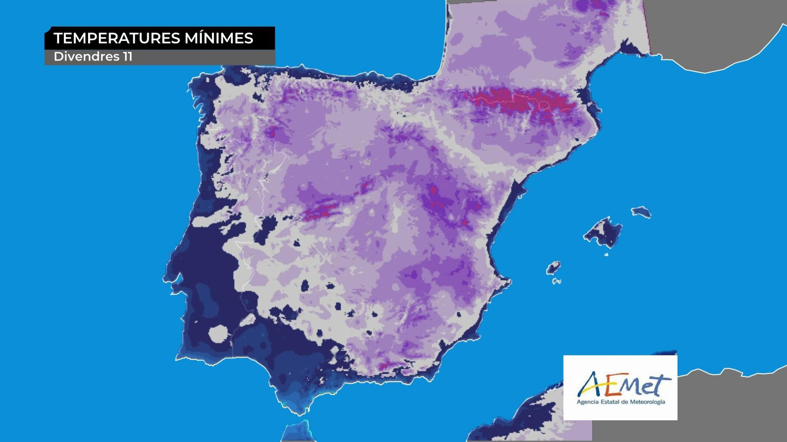Les temperatures nocturnes més baixes s'han registrat la matinada de divendres i la matinada de dissabte. Les gelades són generalitzades a les comarques de l'interior i, fins i tot, podran haver-n'hi prop de la costa de València i de Castelló.
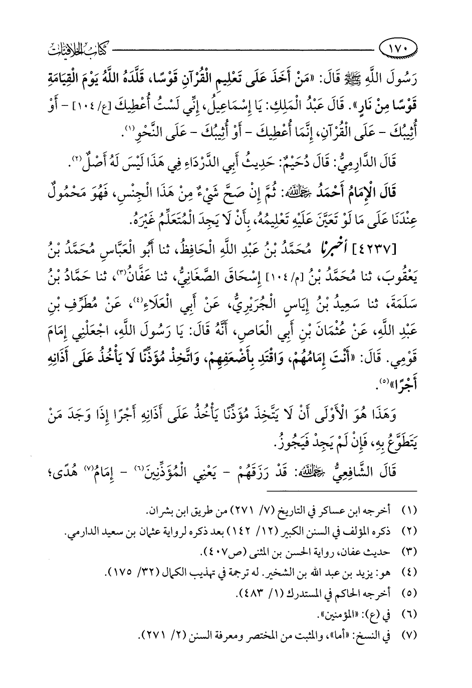 [4237] أخبرنا مُحَمَّدُ بْنُ عَبْدِ اللَّهِ الْحَافِظُ، ثنا أَبُو الْعَبَّاسِ مُحَمَّدُ بْنُ يَعْقُوبَ، ثنا مُحَمَّدُ بْنُ إِسْحَاقَ الصَّغَانِيُّ، ثنا عَفَّانُ (¬3)، ثنا حَمَّادُ بْنُ سَلَمَةَ، ثنا سَعِيدُ بْنُ إِيَاسٍ الْجُرَيْرِيُّ، عَنْ أَبِي الْعَلَاءِ (¬4)، عَنْ مُطَرِّفِ بْنِ عَبْدِ اللَّهِ، عَنْ عُثْمَانَ بْنِ أَبِي الْعَاصِ، أَنَّهُ قَالَ: يَا رَسُولَ اللَّهِ، اجْعَلْنِي إِمَامَ قَوْمِي. قَالَ: "أَنْتَ إِمَامُهُمْ، وَاقْتَدِ بِأَضْعَفِهِمْ، وَاتَّخِذْ مُؤَذِّنًا لَا يَأْخُذُ عَلَى أَذَانِهِ أَجْرًا" (¬5).
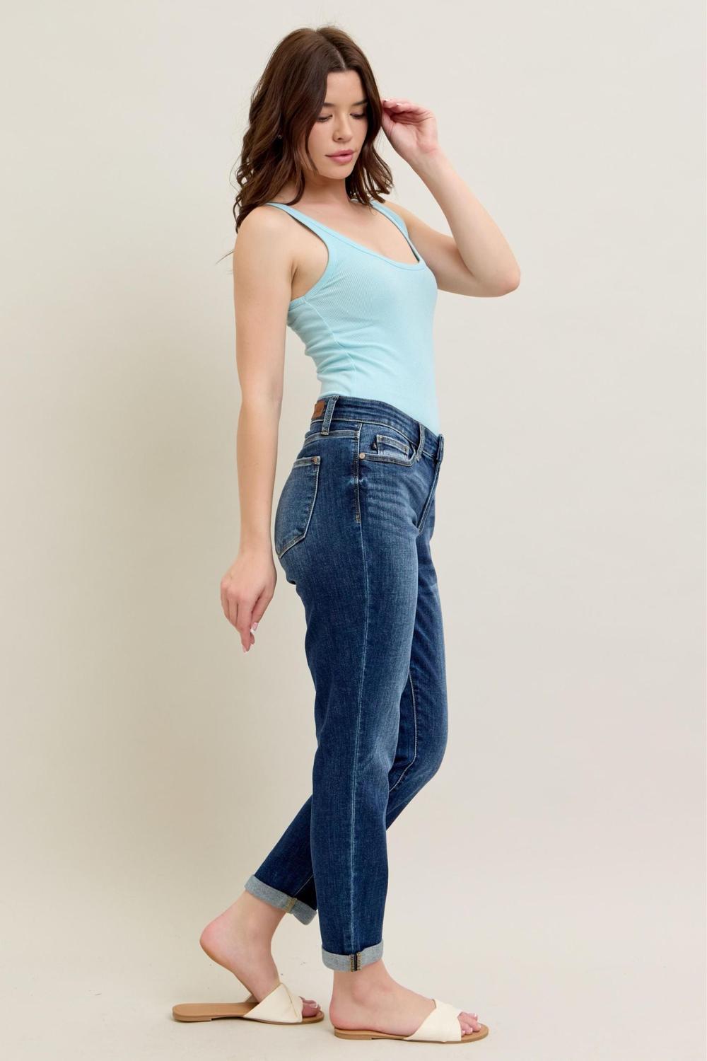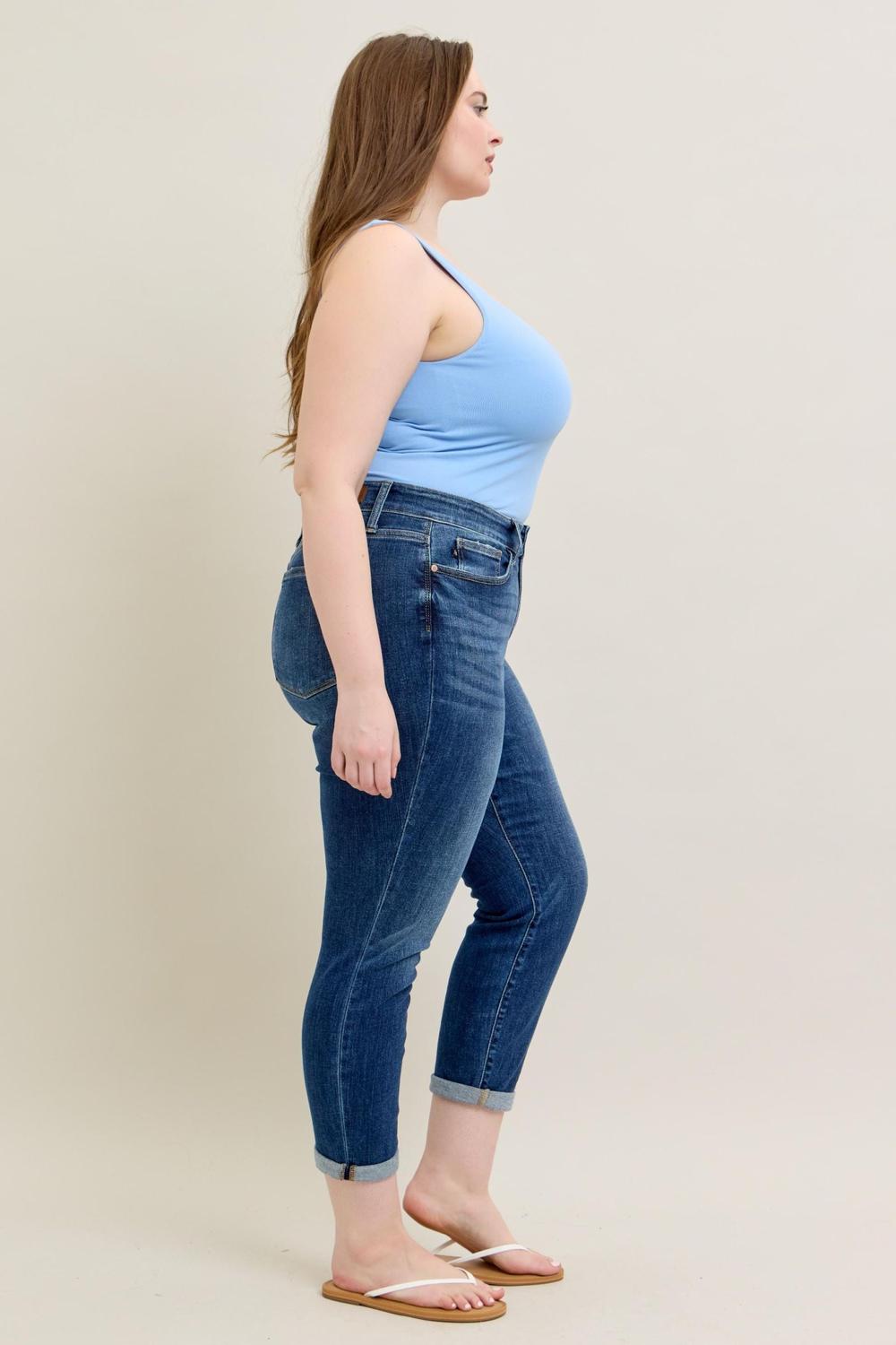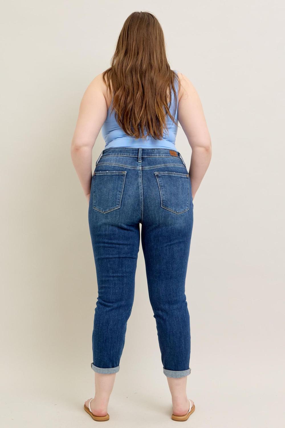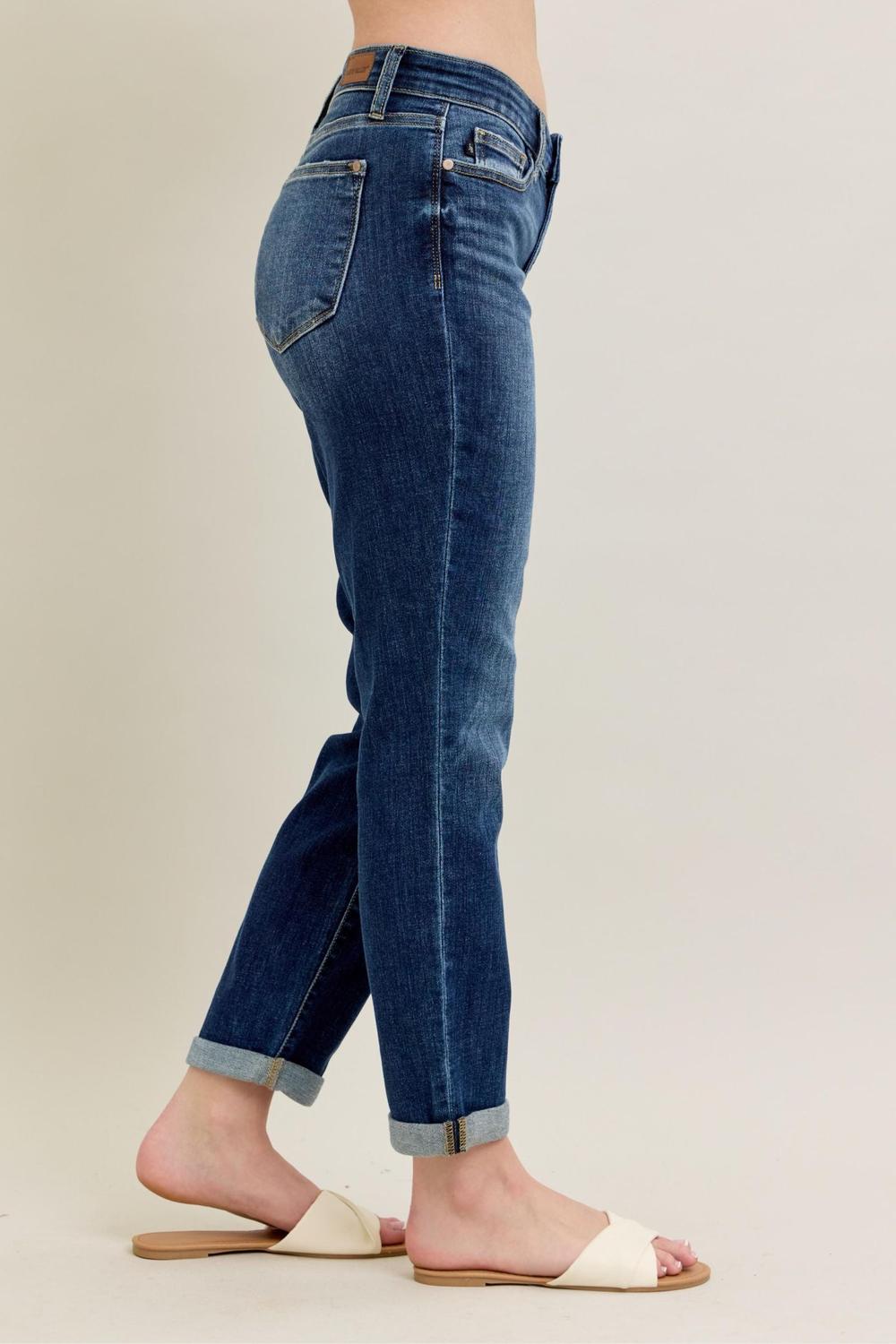 Judy Blue Basic Mid-Rise Cuffed Slim Jeans (Style JB82428)
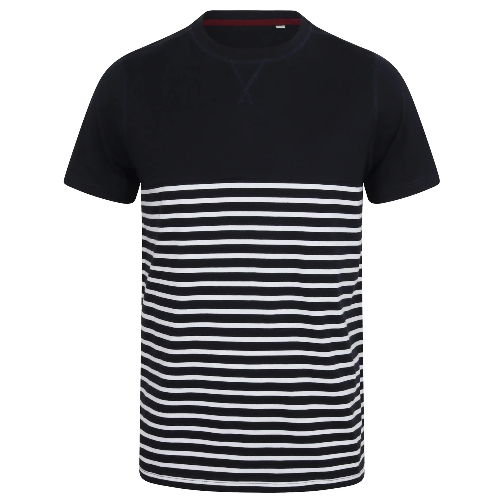 Short sleeve Breton tee-shirt er lavet af 100 % bomuld jerseystof. Den har lige snit med korte ærmer og ensfarvede detaljer på bryst og ærmer. Den nederste del er stribet, i kontrast til det ensfarvede øverste. Tee-shirten har flade sømme ved halsudskæringen, skuldrene og ærmegabene samt dobbelte stikninger ved ærmekanterne. Sømmen danner en V-form ved kraven. Tee-shirten er uden label.
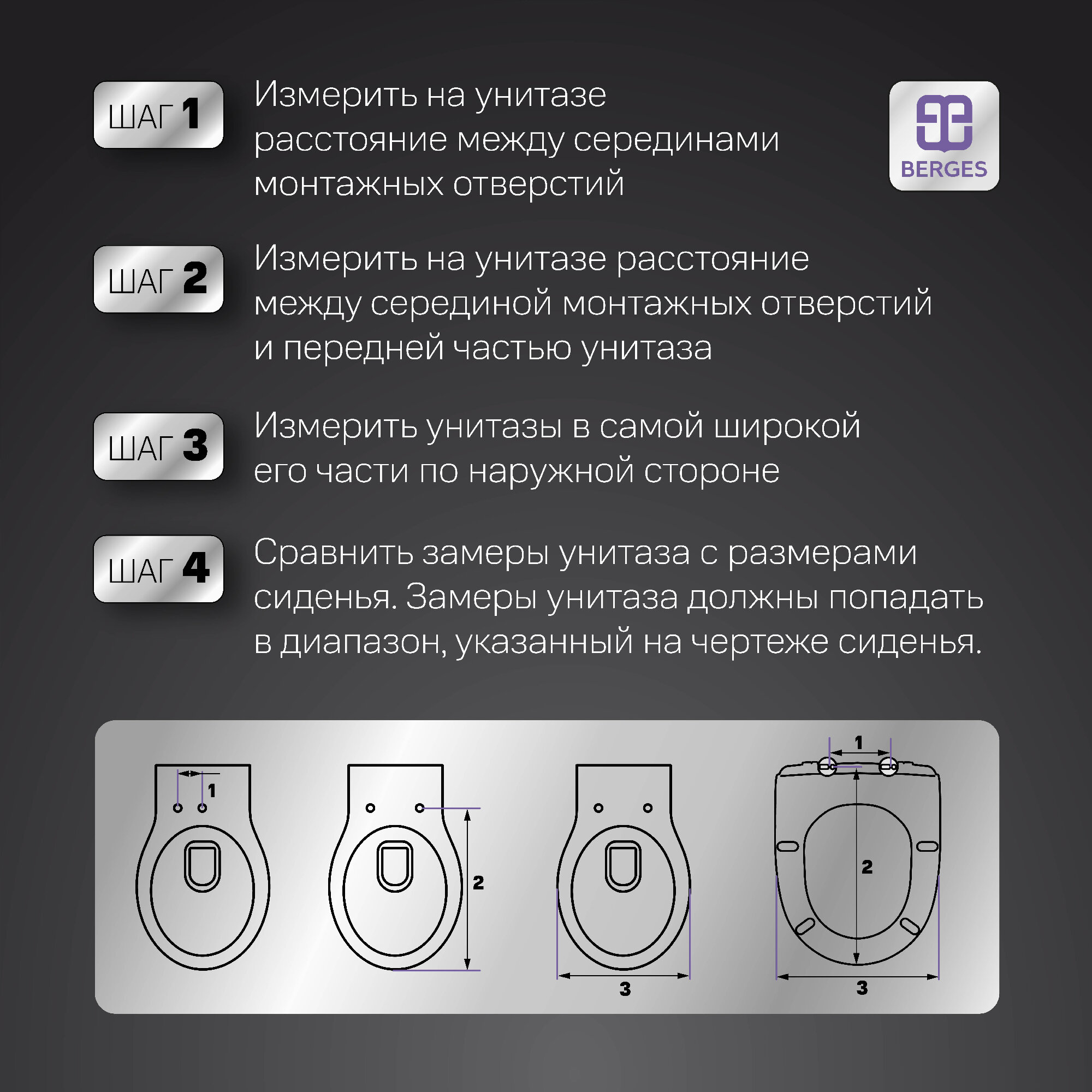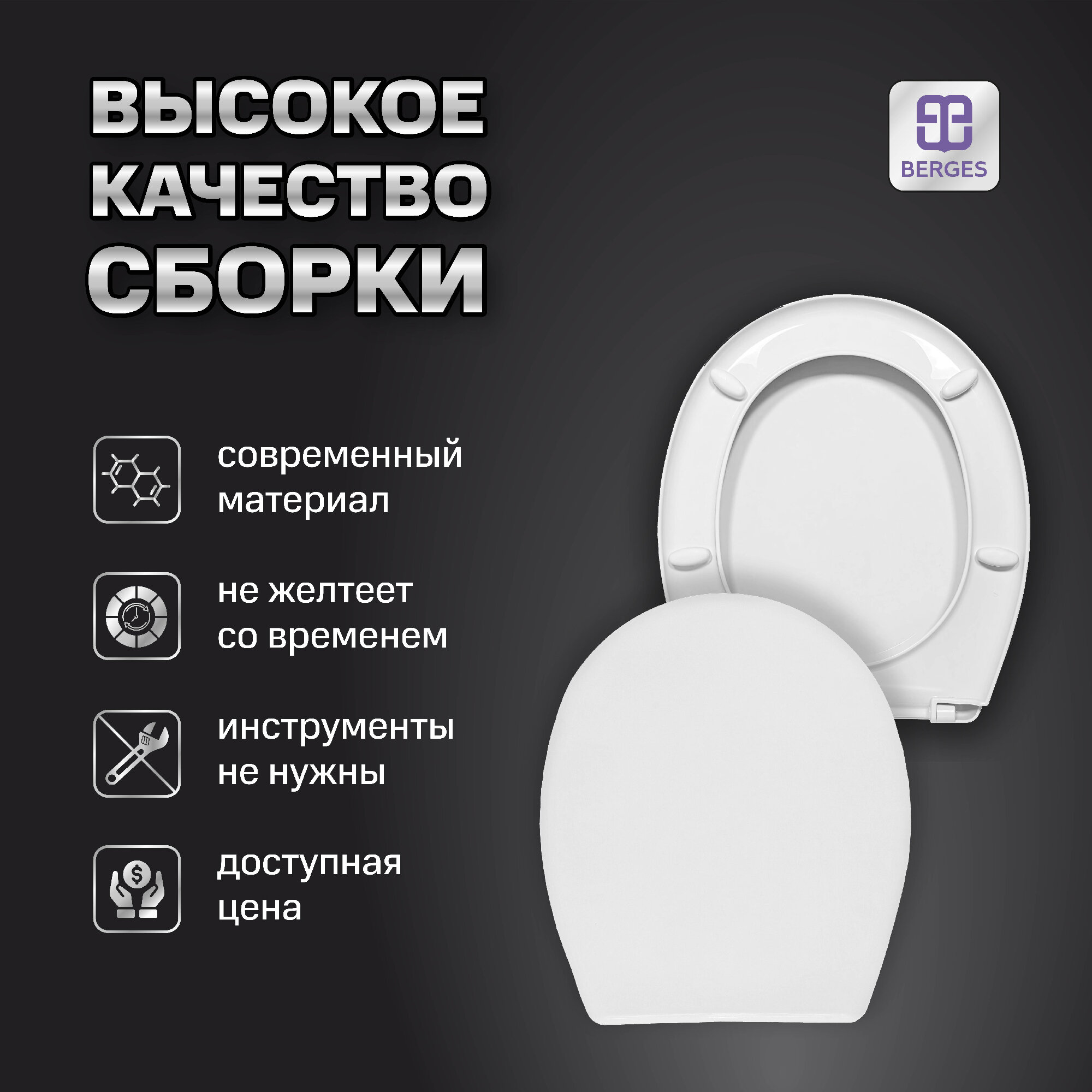 Сиденье для унитаза BERGES с крышкой и креплениями

────

**Directions for this task**
Repeat the material verbatim. Do not carry over any picture.

**The completed task**
Les temperatures nocturnes més baixes s'han registrat la matinada de divendres i la matinada de dissabte. Les gelades són generalitzades a les comarques de l'interior i, fins i tot, podran haver-n'hi prop de la costa de València i de Castelló.
 [4237] أخبرنا مُحَمَّدُ بْنُ عَبْدِ اللَّهِ الْحَافِظُ، ثنا أَبُو الْعَبَّاسِ مُحَمَّدُ بْنُ يَعْقُوبَ، ثنا مُحَمَّدُ بْنُ إِسْحَاقَ الصَّغَانِيُّ، ثنا عَفَّانُ (¬3)، ثنا حَمَّادُ بْنُ سَلَمَةَ، ثنا سَعِيدُ بْنُ إِيَاسٍ الْجُرَيْرِيُّ، عَنْ أَبِي الْعَلَاءِ (¬4)، عَنْ مُطَرِّفِ بْنِ عَبْدِ اللَّهِ، عَنْ عُثْمَانَ بْنِ أَبِي الْعَاصِ، أَنَّهُ قَالَ: يَا رَسُولَ اللَّهِ، اجْعَلْنِي إِمَامَ قَوْمِي. قَالَ: "أَنْتَ إِمَامُهُمْ، وَاقْتَدِ بِأَضْعَفِهِمْ، وَاتَّخِذْ مُؤَذِّنًا لَا يَأْخُذُ عَلَى أَذَانِهِ أَجْرًا" (¬5).
 Judy Blue Basic Mid-Rise Cuffed Slim Jeans (Style JB82428)
 Short sleeve Breton tee-shirt er lavet af 100 % bomuld jerseystof. Den har lige snit med korte ærmer og ensfarvede detaljer på bryst og ærmer. Den nederste del er stribet, i kontrast til det ensfarvede øverste. Tee-shirten har flade sømme ved halsudskæringen, skuldrene og ærmegabene samt dobbelte stikninger ved ærmekanterne. Sømmen danner en V-form ved kraven. Tee-shirten er uden label.
 Сиденье для унитаза BERGES с крышкой и креплениями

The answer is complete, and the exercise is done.